May. 31st, 2010

rabid1st: (Default)
Let me tell you why!

Unlike many other conditions, Fibromyalgia is a deceptive disorder. Usually, you feel crappy, but it can leave you, within a few hours of waking, feeling relatively normal. You ache a bit, sure, but doesn't everyone? The problem is that on these relatively normal days, no matter how good your resolve, you tend to do too much. I think I can do something ordinary...which I obviously cannot do...and that leads to trouble. My body and mind are not quite in agreement about just where the line that they shouldn't be crossing is drawn.

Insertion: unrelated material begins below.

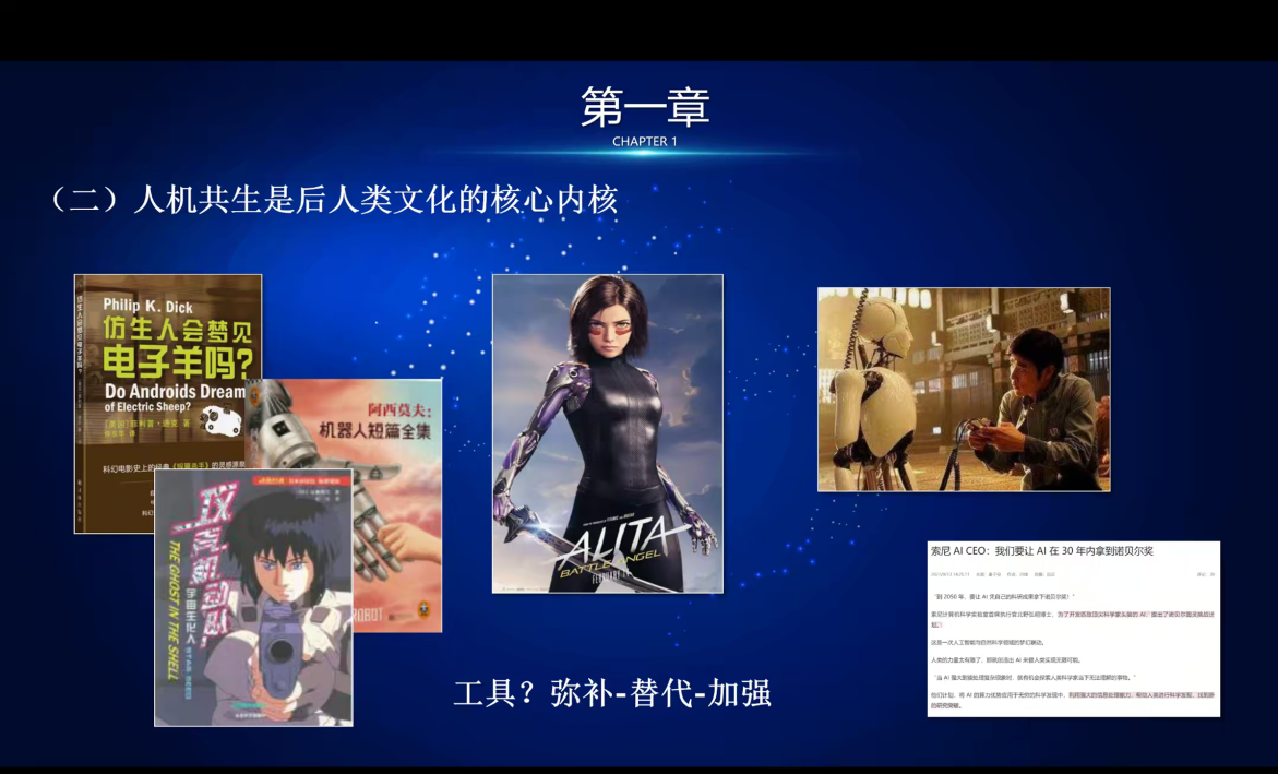 在理论层面,周剑铭老师系统梳理了 “共生理论” 与 “后人类理论” 的核心内涵。他指出,共生理论最初源于生物学领域,如今已扩展到社会层面,涵盖人与自然、人与机器等多元共生关系;而后人类理论则打破了 “人类中心主义” 的传统视角,强调跨物种协作的可能性,例如漫威宇宙中 “星际文明共生” 的设定,正是后人类文化 “多元协同” 理念的艺术表达。谈及 “人机共生” 的起源,周剑铭老师介绍,这一概念由计算机科学家利克莱德提出,其核心并非 “技术替代人类”,而是 “人与计算机深度协作、共同学习”—— 人类凭借创造力与情感理解能力把握方向,计算机依托算力与数据处理能力高效执行,二者形成 “1+1>2” 的协同效应。在分析技术对教育的具体影响时,周剑铭老师提出,数字时代的文化环境已发生显著变化:儿童不再主要通过文字接触世界,而是通过图像、短视频等数字化载体认知成人社会,这导致传统 “真善美” 导向的文化品性,逐渐向 “数据驱动、效率优先” 的方向转变。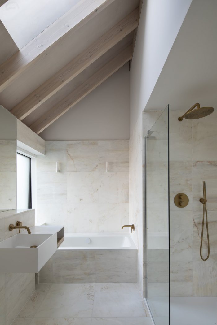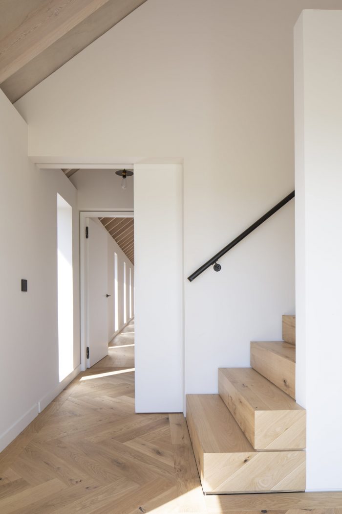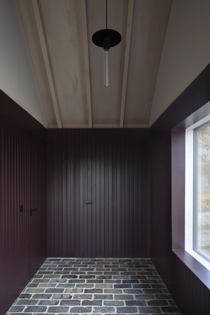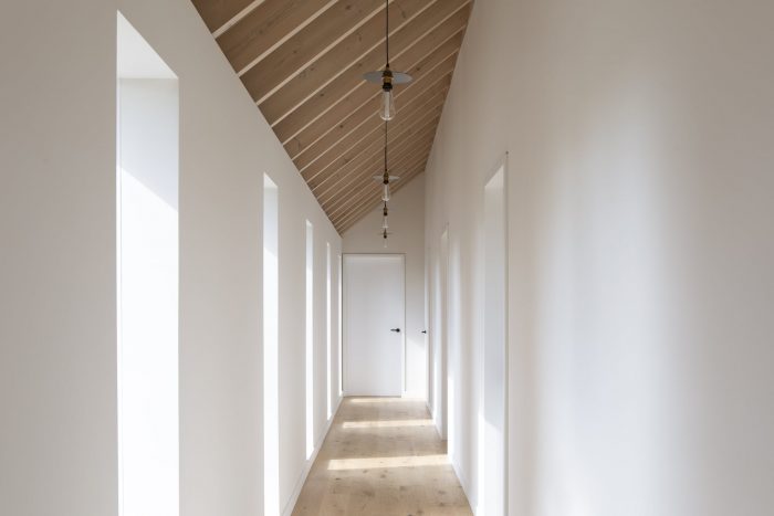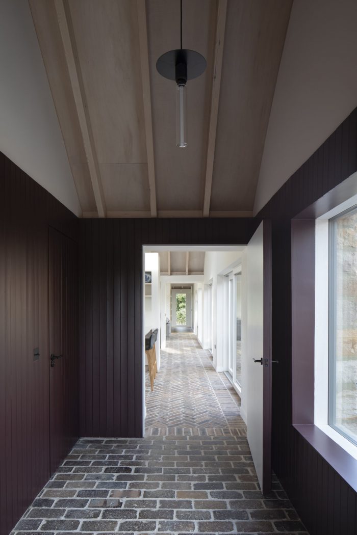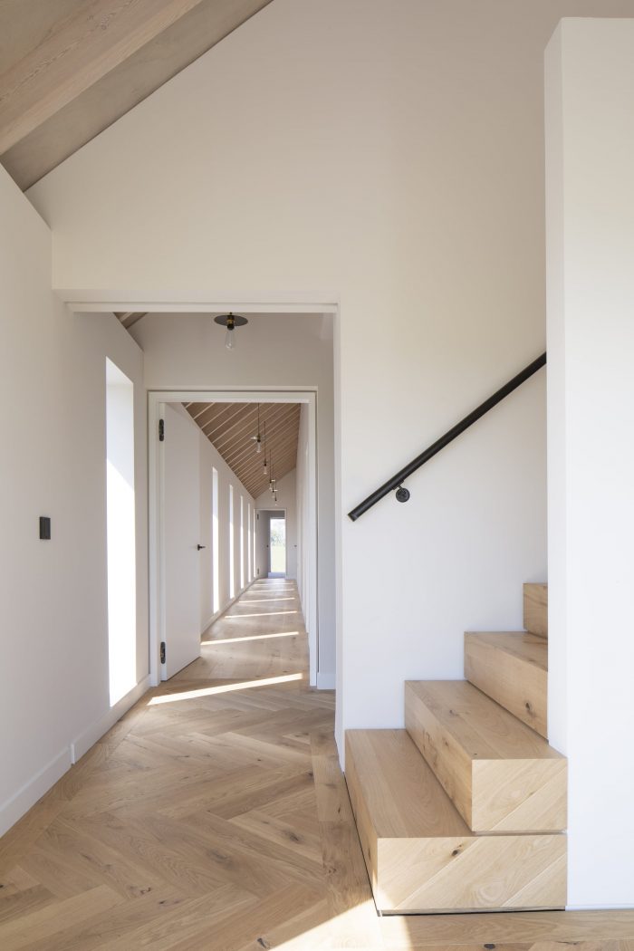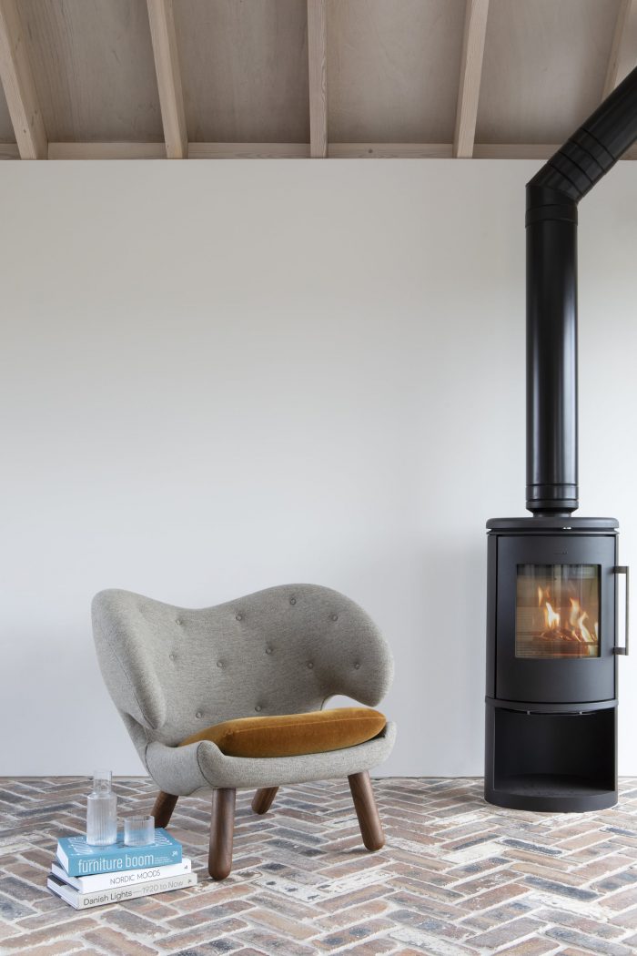 Large expanses of triple glazing allow the house to experience the changing seasons of the site along the southern elevation. In line with Loader Monteith’s rigorous approach to sustainability, 90 percent of the original masonry from the old steading was reclaimed and used throughout the home. The clients hand-cleaned and reclaimed over 4000 locally-cast bricks which were used to lay a herringbone floor throughout, grounding the new house in its place. Loader Monteith overcame the technical challenge of incorporating underfloor heating beneath the layer of thick brick by digging deep foundations of 90 centimeters. This solution allows the expansive brick floor to act as a thermal store for heat throughout the day and gently radiate warmth overnight.

A week ago, for example, I had an appointment that was 35 minutes away from my home. I took someone with me as I know from long experience that I would not be able to drive back from the appt, due to pain, stiffness and exhaustion. But, on the WAY to the appointment, I am usually okay. This time, however, my body decided that my doctor was correct and I could only drive 15 minutes. This left me about 20 minutes left to drive when it started cramping up on me. I should have used my mind at this point...and pulled over, but I ignored my body's increasingly painful protests and kept driving. The result was that I spent the next 36 hours or so moving like a woman twice my age, shuffling along as I walked, constantly switching positions to find scant comfort and meeping in faint protest every minute or two. Also, on the very next day, when asked by a doctor why I was moving so slowly...I helpfully answered, "I hurt" instead of fully explaining. Full explanations were a little beyond me at the time, due to my mind now agreeing with my body that I had fibromyalgia.

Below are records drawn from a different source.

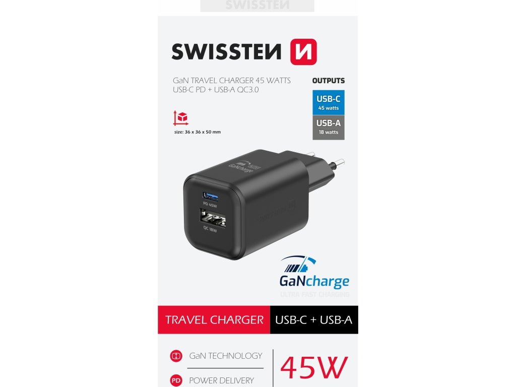 SWISSTEN SÍŤOVÝ ADAPTÉR GaN 1x USB-C 45W PD + 1x USB-A 18W QC ČERNÝ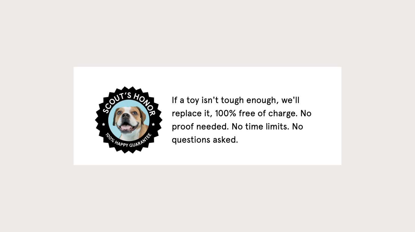 While places like the FAQ and post-purchase, pre-shipment phase could use some love, the BarkBox brand voice is unapologetically humorous, thoughtful, friendly, and joyful. Balancing the meta with the punny isn’t something you see too often—the fact that it’s for adorable dogs is the cherry on top.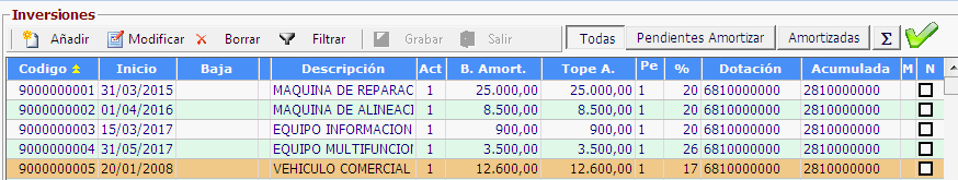 Si el importe acumulado coincide con lo registrado en el libro de inversiones y amortizaciones, entonces ya tenemos la inversión correctamente configurada en la aplicación para continuar sus amortizaciones y registradas en el libro las amortizaciones desde la fecha de alta.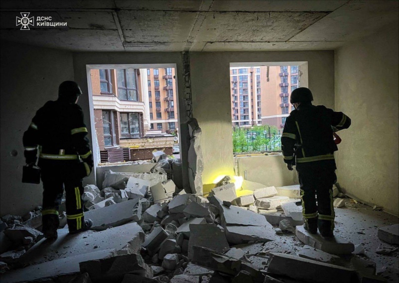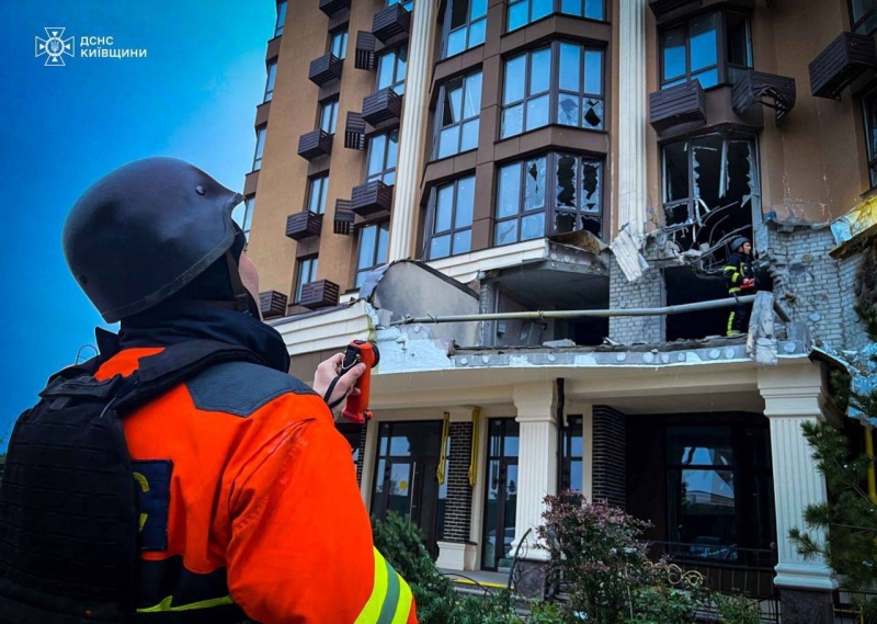 У ДСНС повідомили, що о 04:36 рятувальники отримали повідомлення про влучання у селі Софіївська Борщагівка під Києвом. Там внаслідок ворожої атаки дронів виникла пожежа, були зруйновані конструкції на 2-му поверсі десятиповерхового будинку в одному з житлових комплексів.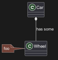 Car *-- Wheel [[http://plantuml.com/class]] : has some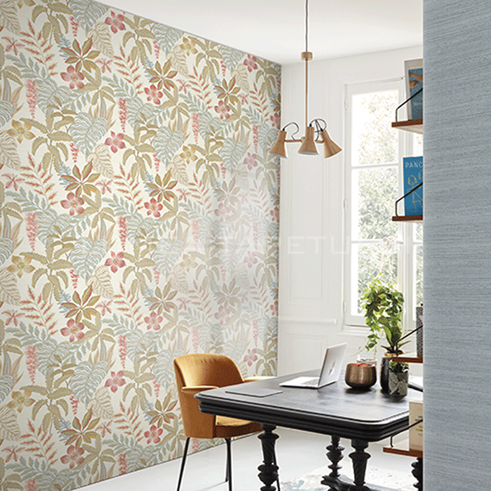Tapet decorativ vinil super lavabil pe suport vlies ( se aplica adeziv doar pe perete ) lat de 1 m si lung de 10 m. Model de tapet dormitor, model tapet model frunze Jannelli&Volpi.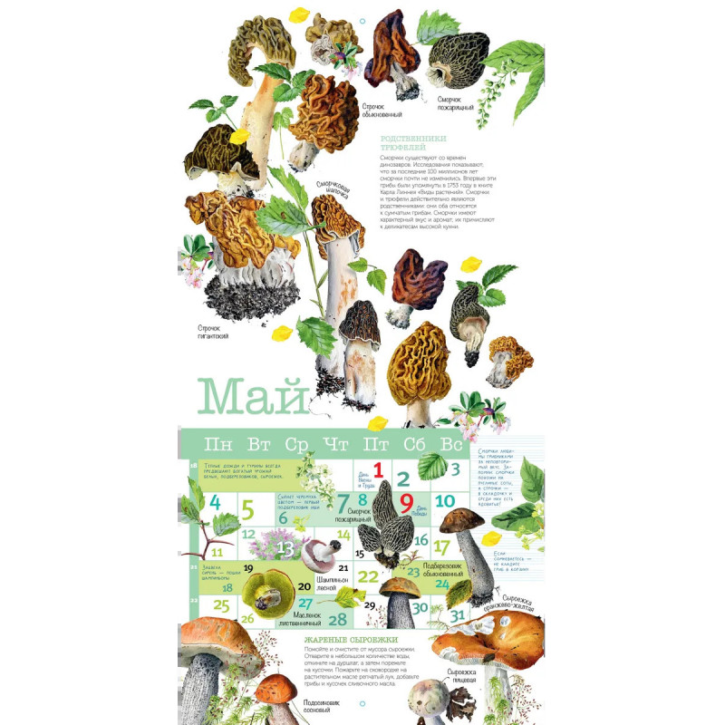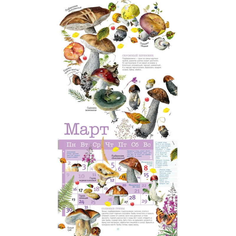 В календаре представлены замечательные иллюстрации Александра Вязьменского, художника, который рисует грибы с натуры, создавая удивительные грибные "букеты". В календарь включены съедобные и несъедобные грибы, встречающиеся в России и знакомые отечественным грибникам. Интересная информация, любопытные факты, народные приметы о грибах - все это вы найдете на страницах нашего календаря. В низу календарной сетки размещены кулинарные рецепты, которые позволят вам приготовить разнообразные блюда из грибов.

But my mind was still getting me in trouble, as it decided I could make a music video from my sick bed, reasoning that my left arm and hand were not totally crippled. This further attempt to pretend that I was not chronically ill has led to me being pretty much useless for the last four days...with no end in sight. I tried to visit my sister with painful results. So painful and exhausting in fact that we had to cancel our Memorial Day outing to the park. So, here I sit...in need of a shower but not feeling up to lathering myself. I should at least turn on a light...but I would have to get up for that.